SUMMARY OF THE INVENTION
[0008] The present invention generally provides methods of
processing substrates in a chamber. In one embodiment, the method
comprises introducing a first flow of a precursor vaporized from a
liquid source into a chamber and depositing a first film on a first
substrate in the chamber. The precursor vaporized from a liquid
source may be a silicon-containing precursor, such as TEOS. The
flow of the precursor is then terminated and the substrate is
removed from the chamber. A second flow of the precursor is
introduced into the chamber at a predetermined time after the first
flow of the precursor is terminated. No substrates are processed in
the chamber between the removal of the first substrate and the
introduction of the second flow of the precursor. The second flow
of the precursor is continued for a period of time without a
substrate being processed in the chamber during the period of time.
If no substrates are processed in the chamber by a predetermined
time after the second flow of the precursor is terminated, a third
flow of the precursor may be introduced into the chamber.
[0009] In another embodiment, a first flow of a precursor vaporized
from a liquid source is introduced into a chamber and a first film
is deposited on a first substrate in the chamber. The precursor
vaporized from a liquid source may be a silicon-containing
precursor, such as TEOS. The flow of the precursor is then
terminated and the substrate is removed from the chamber. At a
predetermined time after terminating the first flow of the
precursor into the chamber and after the first substrate is
removed, one or more interior surfaces of the chamber are exposed
to a gas in the presence or absence of a plasma for a first period
of time without a substrate being processed in the chamber. The one
or more interior surfaces of the chamber may be exposed to a gas to
control the pressure in the chamber or fill the chamber in the
presence or absence of a plasma in the chamber. Alternatively, the
one or more interior surfaces may be exposed to a plasma with a gas
that is provided to sustain the plasma in the chamber. No
substrates are processed in the chamber between the removal of the
first substrate and the exposure of the one or more interior
surfaces of the chamber to the gas.
[0010] Further embodiments of the invention provide software
routines comprising instructions for the methods provided
herein.
BRIEF DESCRIPTION OF THE DRAWINGS
[0011] So that the manner in which the above recited features of
the present invention can be understood in detail, a more
particular description of the invention, briefly summarized above,
may be had by reference to embodiments, some of which are
illustrated in the appended drawings. It is to be noted, however,
that the appended drawings illustrate only typical embodiments of
this invention and are therefore not to be considered limiting of
its scope, for the invention may admit to other equally effective
embodiments.
[0012] FIG. 1 is a flow chart depicting an embodiment of the
invention.
[0013] FIG. 2 is a schematic cross-sectional view of a plasma
enhanced chemical vapor deposition system according to the prior
art.
[0014] FIG. 3 is a flow chart depicting another embodiment of the
invention.
DETAILED DESCRIPTION
[0015] It has been observed that the processing conditions for the
first substrate processed in a CVD chamber after the chamber has
been sitting idle are often unstable, which can result in an
unstable substrate-to-substrate deposition rate as well as other
substrate-to-substrate variations. An example of a CVD process that
has been observed to be susceptible to this "chamber idle effect"

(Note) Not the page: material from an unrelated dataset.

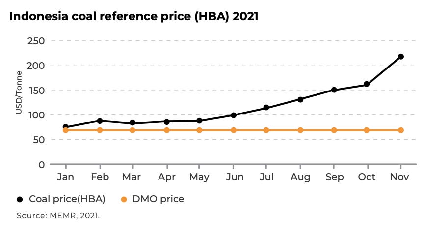 Local price capped at $70/tonne has made Domestic Market Obligation (DMO) hard to achieve. Coal mining companies prefer to export their coal. As a result, only 46% of the 137.5 million tonnes of coal DMO quota in 2021 had been fulfilled.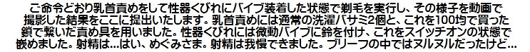 この拷問...乳首が鎖で引っ張られてとても痛い...その痛さが...苦痛が...性器にビンビン伝わるの・・・

is a tetraethoxysilane (TEOS) CVD process. It has been observed
that processes that use precursors, such as TEOS, that are
vaporized from liquid sources are more susceptible to the chamber
idle effect.
[0016] The present invention provides methods of improving the
substrate-to-substrate uniformity of films deposited by vapor
deposition of silicon-containing precursors vaporized from a liquid
source, such as liquid silicon-containing precursors, on substrates
in a chamber. Generally, the methods comprise exposing a chamber to
a processing step during a chamber idle period that is between the
deposition of a film on one substrate and the deposition of a film
on the next substrate processed in the chamber and thus is a period
in which no substrates are exposed to substrate processing, such as
depositing a film on the substrate. The processing step during the
chamber idle period may comprise introducing a gas into the chamber
for a period of time, exposing one or more interior surfaces of the
chamber to a plasma, or a combination thereof.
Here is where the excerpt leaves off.